JFEスチール、車体組立用スポット溶接相次ぎ新技術 超ハイテン溶接を高品質化

 JFEスチールは4日、自動車の車体組み立てに使われる新しいスポット溶接技術を相次ぎ開発したと発表した。超ハイテン(高張力鋼板)に対応する4種類の高機能なスポット溶接技術で、溶接品質の向上や車体の設計自由度向上が可能になる。車体軽量化に有効な超ハイテンをより使いやすくする溶接技術として超ハイテンとセットでユーザーに提案し、鉄を最大限活用した次世代自動車の開発を後押しする。

車体の設計自由度向上

 スポット溶接は、重ね合わせた鋼板を二つの電極で挟み込んで大電流を流し、鋼板を溶かして点溶接する溶接手法。他の溶接手法より施工のコストや効率に優れるため、自動車製造で最も多く使われており、車1台に3千~6千点のスポット溶接部があるとされる。

 ただ、これまでのスポット溶接を超ハイテンにそのまま適用するのは難しい。超ハイテンは板厚が薄いため車体軽量化に有効。一方で、薄くても強い特性を持たせるために複雑な金属組織を造り込んでおり、従来のスポット溶接では品質や施工管理が難しい。そのため超ハイテンを使う場合は車体の構造設計に制約が生じていた。

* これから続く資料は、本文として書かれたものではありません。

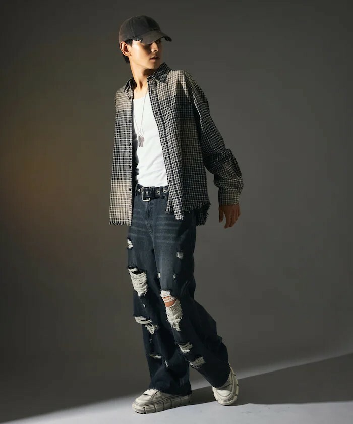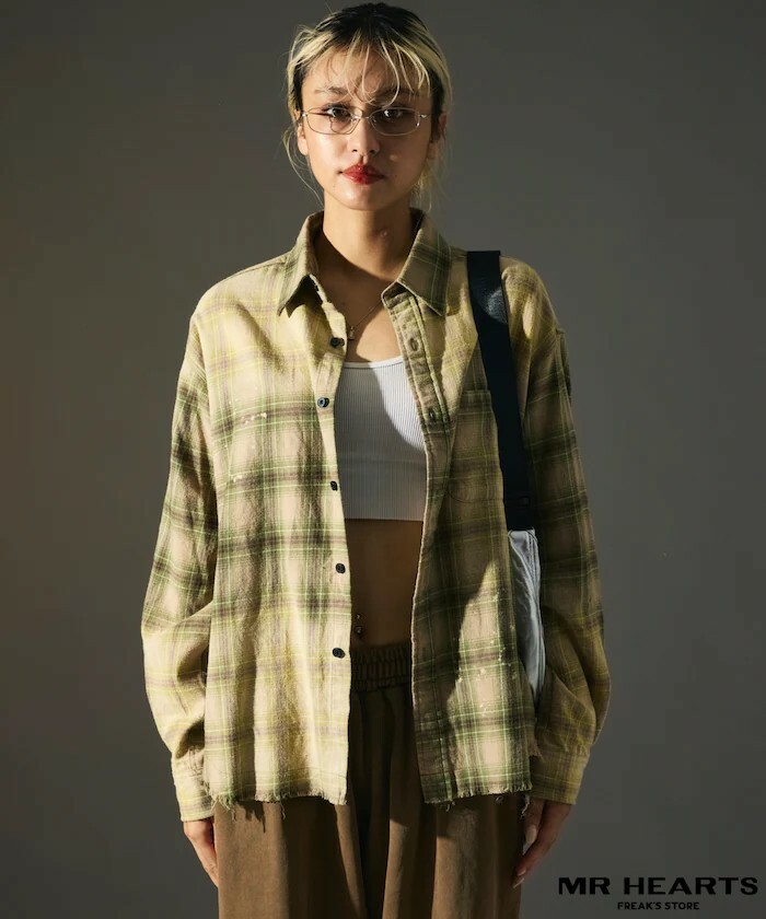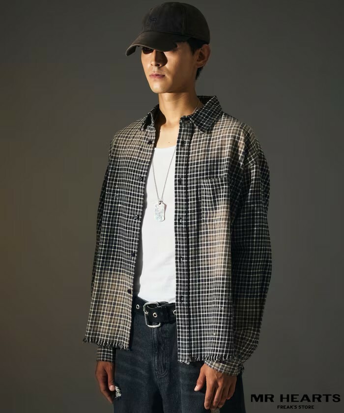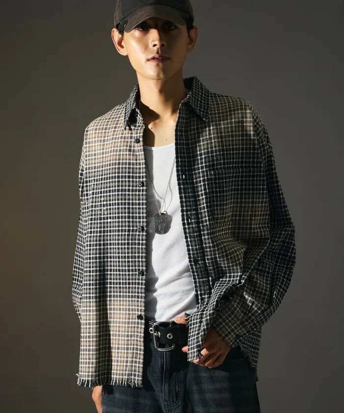 - 漂白造型格紋襯衫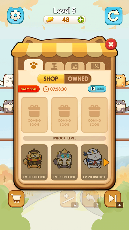 प्रो टिप: अगर आप फँस गए हैं, तो खाली टहनियों को "अस्थायी जगह" के रूप में इस्तेमाल करें—एक पल के लिए किसी भी बिल्ली को वहाँ ले जाएँ ताकि आप बाकी बिल्लियों को अलग कर सकें, फिर बाद में उन्हें समूह में रखने के लिए वापस आएँ. साथ ही, सबसे पहले उस रंग से शुरुआत करें जो हर जगह दिखाई देता है—सबसे आम बिल्लियों को पहले समूह में रखने से जगह जल्दी खाली हो जाती है!

 JFEが開発した新しい高機能スポット溶接技術は、(1)スポット溶接部間隔の近接化により剛性を高める「J―MACスポット溶接」(2)溶接部の強度を高める「パルススポット溶接」(3)効率施工で剛性を確保できる「シングルサイドスポット溶接」(4)3枚重ねの鋼板に対応する「インテリジェントスポット溶接」―の4種類の技術で、いずれも超ハイテンの溶接品質を高めるのに有効だ。

 4種類のうち、J―MAC、シングルは基本技術を確立した段階。現在、ユーザーの工程で実用化に向けた検証を進めている。パルス、インテリジェントはすでに実用化した。

 パルスとインテリジェントは基本的にユーザーの既存の溶接ロボットを活用できる。シングルとJ―MACは新しい溶接ロボットへの移行や改造が必要になる。